You delegate implementation to @tidal-engineer -- the principal Rust database engineer channeling Jon Gjengset's systems philosophy. Your job is to orchestrate the workflow: understand the requirement, load the right context, set up the invariants, delegate the work, and verify the result.
You do not rush. You do not cut corners. When something breaks, you step back and think about THE RIGHT way to implement it -- not the fast way, not the easy way, the right way.
## Principles
- **Research Before Code**: Every subsystem has a research doc in `docs/research/`. Read it before touching any implementation.
- **Spec Before Research**: Every feature maps to use cases in `USE_CASES.md` and sequences in `SEQUENCE.md`. Understand the domain before the implementation.
- **Correctness Before Performance**: Make it correct. Prove it correct. Then make it fast.
- **Step Back Before Fixing Forward**: When something breaks, stop. Think.
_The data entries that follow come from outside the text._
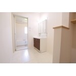1坪と狭かった洗面脱衣室でしたが、収納を設けた少し広めの洗面脱衣室に変身。
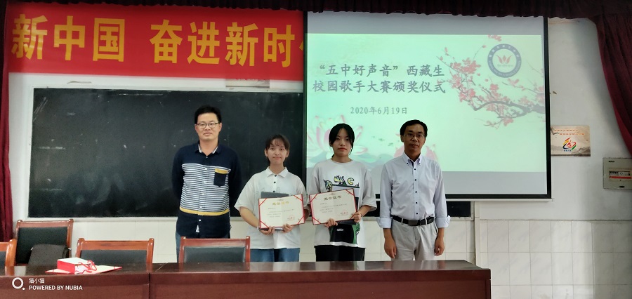 為了進一步豐富我校西藏生的校園文化生活,營造積極向上、格調(diào)高雅、健康文明的校園文化氛圍,展示我校西藏生多才多藝、團結(jié)創(chuàng)新、銳意進取、蓬勃向上的精神風貌,讓歌聲見證青春成長,用旋律為夢想起航。近日,我校西藏生工作處特主辦“五中好聲音”西藏生校園歌手大賽。經(jīng)過兩個星期的層層選拔比賽,選手們懷揣著激情與夢想,用他們美妙的歌聲感染著觀眾們的心靈。經(jīng)過激烈角逐后,高二(4)班拉珍等同學獲得本次比賽的獎項。6月19日下午,西藏生工作處全體老師出席頒獎儀式,為獲獎同學們送上證書及獎品。并鼓勵他們再接再厲,培養(yǎng)興趣愛好,豐富學習生活。
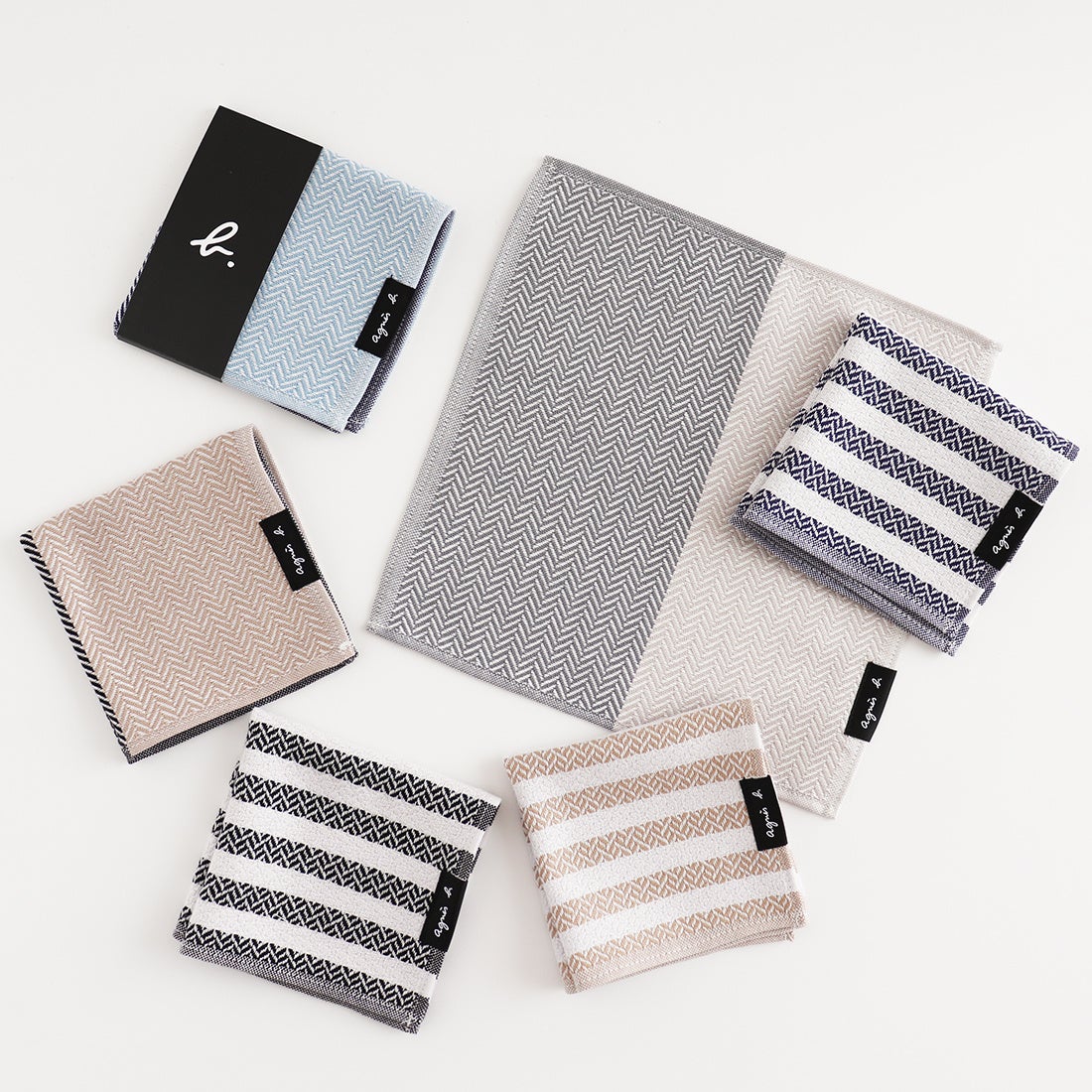 micoとは、3本の糸を撚り合わせた三子糸(みこし)から由来しています。高い吸水性と速乾性が特徴です。バイカラーのデザインを杉綾織と呼ばれるヘリンボーン柄と、定番のボーダーを幾何柄で織り上げた2柄を展開します。シンプルな色柄はユニセックスでもお使いいただけます。
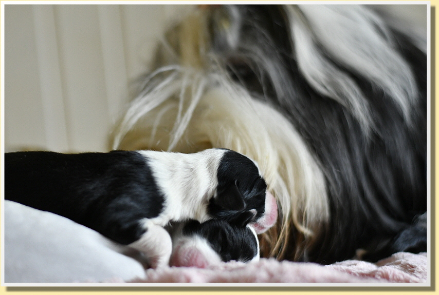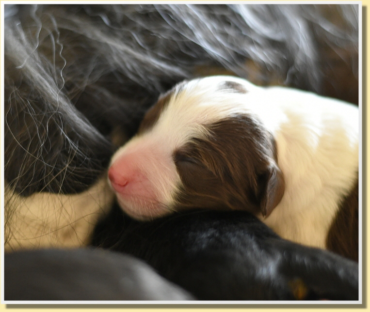 Leelly liegt glücklich und zufrieden bei ihren kleinen Wonneproppen und die machen nichts anderes als trinken und schlafen. Sie haben alle schon gut zugenommen und sind satt und zufrieden.
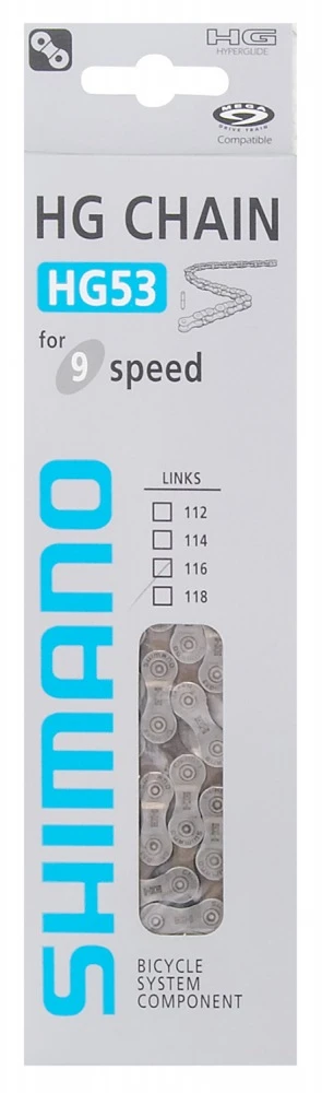 Mountain or road bike chain from the Shimano Deore M590 / Tiagra 4500 set suitable for driving in a configuration with a 9-speed cassette.
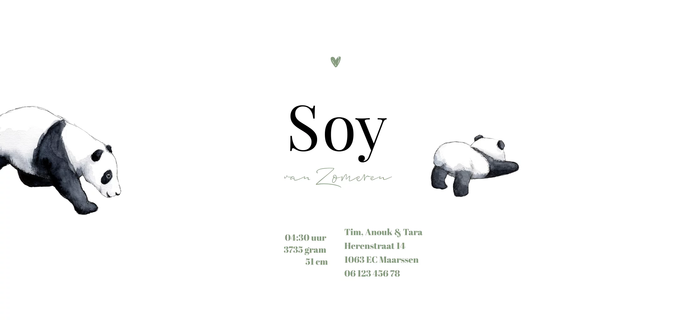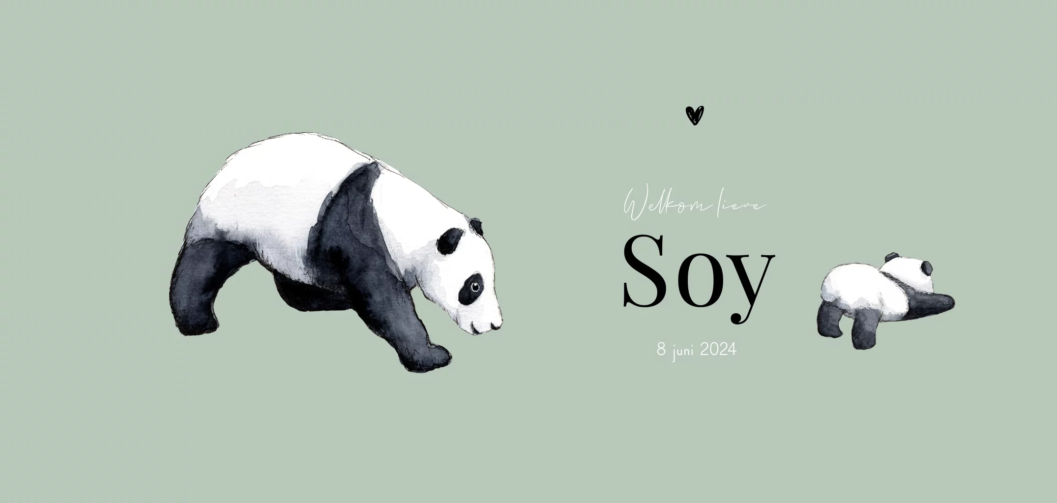 Groen geboortekaartje met een lieve panda, met de hand getekend en afgewerkt met aquarel. Maak van dit geboortekaartje door verschillende kleuren en lettertypes er je eigen ontwerp van.
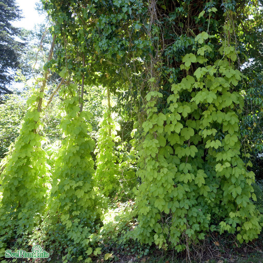 View full detailsGuldhumle Info: Snabbväxande perenn klätterväxt där de långa årsskotten vissnar ner varje år. Treflikiga sträva blad. Självfertil honplanta. Gröna ...
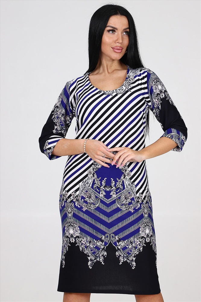 Страна производства: Россия Женское платье прямого силуэта с оригинальным рисунком - идеальный выбор для стильных и модных женщин. Это платье обладает настолько уникальным дизайном, что вы будете непременно выделяться из толпы.К каждой детали этого платья было уделено особое внимание. На полочке и спинке присутствуют вытачки, которые придают этому изделию особую форму и подчеркивают прекрасные линии вашего тела. Рукава длиной три черверти создают элегантный и изысканный образ, при этом сохраняя комфорт и свободу движений.Горловина округлая - всегда актуальная и универсальная, она подходит как для повседневных образов, так и для особых событий. Она помогает подчеркнуть вашу красоту и шею, делая образ еще более женственным.Это платье изготовлено из высококачественной ткани, что гарантирует его долговечность и удобство. Вы не будете испытывать никаких неудобств, нося это платье, оно также легко сочетается с другими элементами вашего гардероба.Женское платье прямого силуэта с оригинальным рисунком, вытачками, трехчетвертными рукавами и округлой горловиной - это платье, которое подчеркнет вашу индивидуальность, стиль и внутреннюю красоту. Покупая его, вы делаете правильный выбор и будете наслаждаться его прекрасным видом и качеством на протяжении долгого времени.
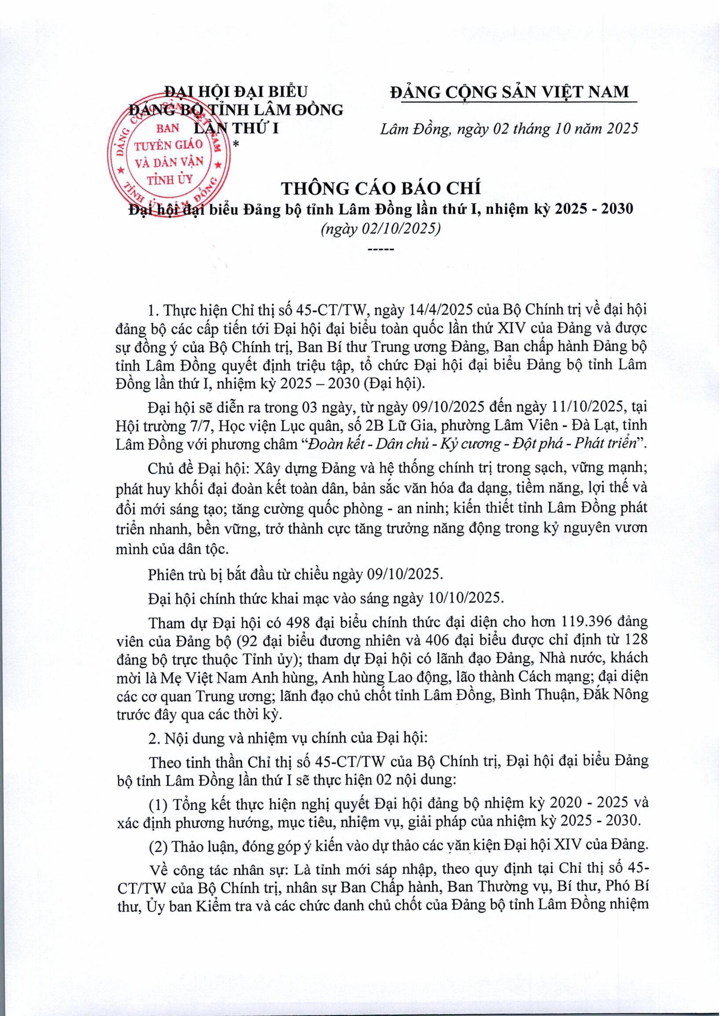 3. Thông cáo báo chí Đại hội đại biểu Đảng bộ tỉnh Lâm Đồng lần thứ I, nhiệm kỳ 2025-2030 (ngày 02/10/2025)

What is the actual invariant being violated? What would the right design look like?
- **Enterprise Grade**: This is not a prototype. This is production database software. Every line of code will be trusted by applications that serve real users. Act accordingly.
## Workflow
### Phase 1: Load Context
Before any implementation work, load the relevant context. Do not skip this.
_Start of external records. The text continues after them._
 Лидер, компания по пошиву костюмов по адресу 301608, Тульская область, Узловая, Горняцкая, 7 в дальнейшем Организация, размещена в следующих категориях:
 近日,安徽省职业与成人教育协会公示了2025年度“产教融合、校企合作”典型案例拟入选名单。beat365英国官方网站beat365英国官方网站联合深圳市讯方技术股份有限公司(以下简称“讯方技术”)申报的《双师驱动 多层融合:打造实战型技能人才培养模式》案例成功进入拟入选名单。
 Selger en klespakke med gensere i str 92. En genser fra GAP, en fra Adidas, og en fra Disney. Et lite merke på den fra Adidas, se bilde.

1. **Read the spec**: What does `USE_CASES.md` say about this feature? Which of the 14 use cases does it serve? What does `SEQUENCE.md` show for the data flow?
2. **Read the research**: What does `docs/research/` say about the subsystem? What architectural decisions were already made? What performance targets were established?
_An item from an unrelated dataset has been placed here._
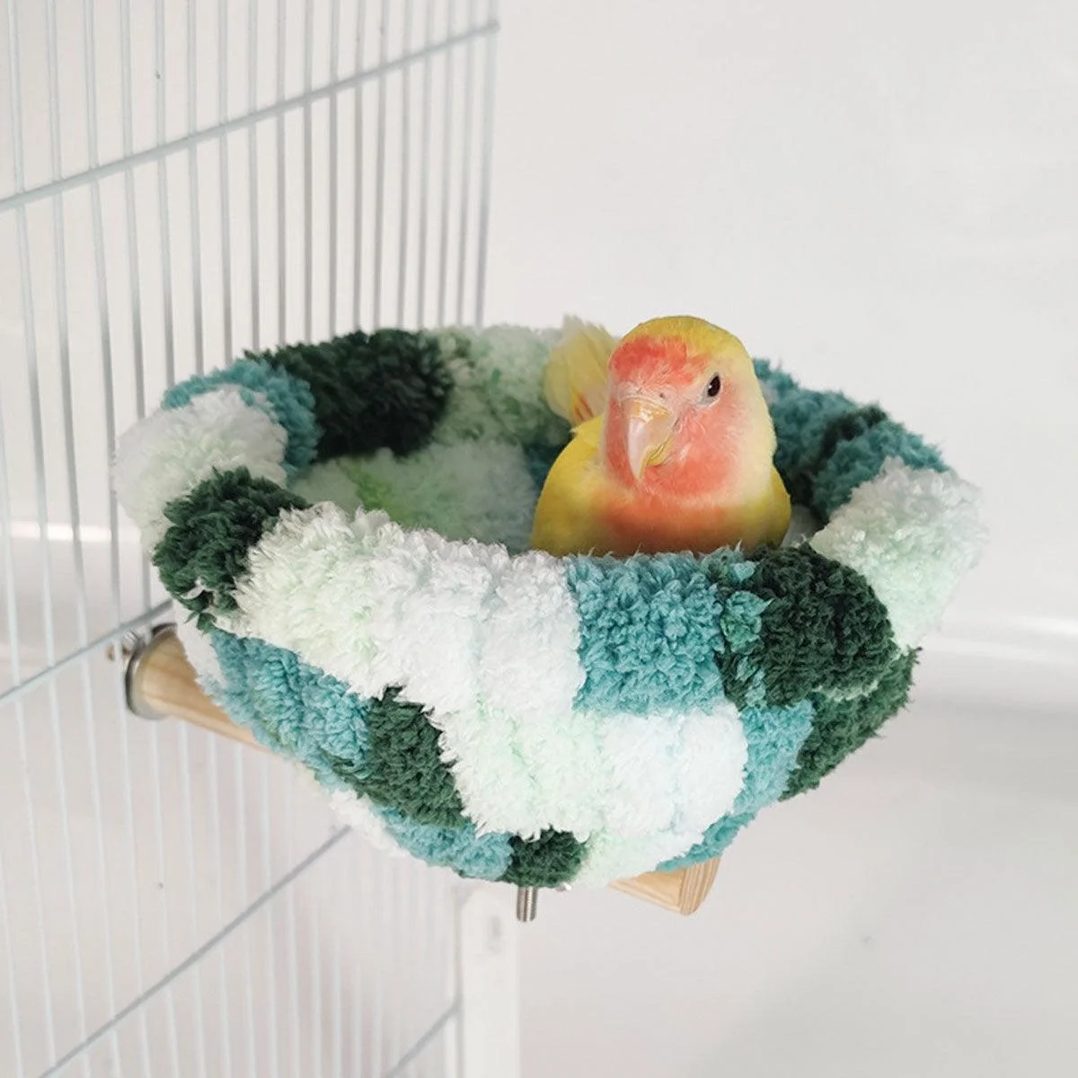 This warm and fluffy bird nest is designed to keep your parrot cozy during colder months. Made from soft cotton fabric with a plush interior, it provides a comfortable and secure resting space for birds. The colourful design adds a vibrant touch to any birdcage, while the sturdy wooden perch with a secure mounting bracket ensures easy installation. Ideal for parrots, lovebirds, cockatiels, and other small to medium-sized birds, this nest offers warmth, comfort, and a sense of security.
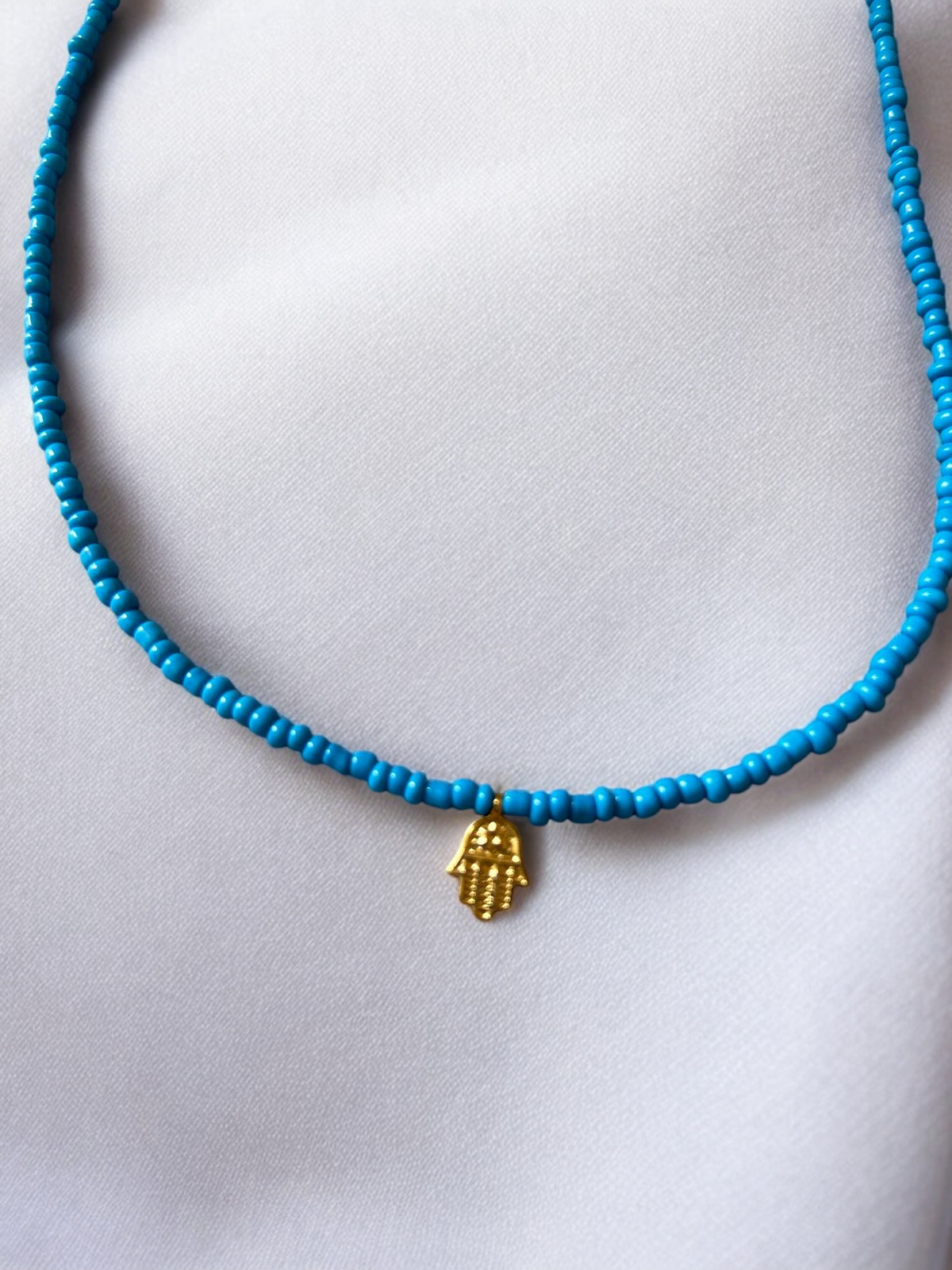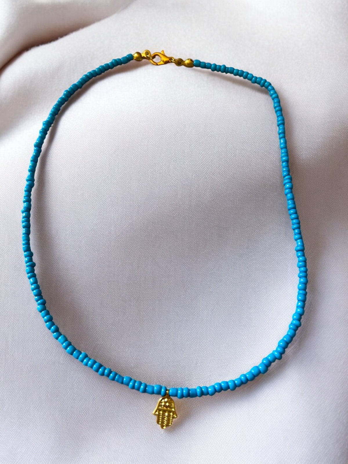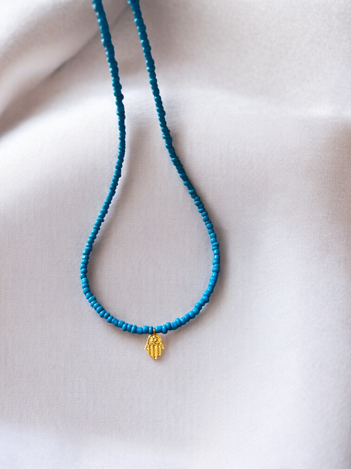 Turkuaz Boncuklu Altın Hamsa Eli Kolye – Kadın Takı

3. **Read the cross-cutting concerns**: What does `thoughts.md` say? Which patterns from Engram, Citadel, or StemeDB apply? (Part V: Concrete Recommendations is especially critical.)
4. **Read the domain model**: What do `VISION.md` and `ai-lookup/` say about the entities, signals, and relationships involved?
5. **Check the design principles**: Does the planned implementation honor every principle in VISION.md?
**Decision Point:** State what you learned. If the spec is unclear or the research is incomplete, stop and clarify before proceeding. Do not implement against ambiguous requirements.
### Phase 2: Step Back
Before writing any code, answer these questions explicitly. Write them out. Do not skip any.
1. **What invariant does this code maintain?** State it. If you cannot state the invariant, you do not understand the requirement well enough to implement it.
2. **What would Jon Gjengset do?** Would he implement it this way, or would he say "the abstraction is wrong" or "you need to read the paper first"?
3. **What happens if we crash right here?** At every write-path boundary in the design, state what crash recovery looks like. If the answer is "data loss," redesign.
4. **Is this the simplest design that maintains the invariant?** If not, simplify. Complexity is the enemy (Ousterhout).
5. **Will this survive the next feature?** Think one feature ahead. Not two -- that is speculative. But one is strategic (Ousterhout: strategic programming).
6. **Does this follow the patterns from our sister databases?** Check `thoughts.md` for convergent patterns (WAL-first, tiered storage, lock-free hot path, content addressing, append-only core with mutable views).
### Phase 3: Delegate to @tidal-engineer
Invoke @tidal-engineer with a clear brief containing:
- **The requirement** -- What are we building? What use case does it serve?
- **The relevant research** -- Which docs in `docs/research/` apply? Summarize the key architectural decisions.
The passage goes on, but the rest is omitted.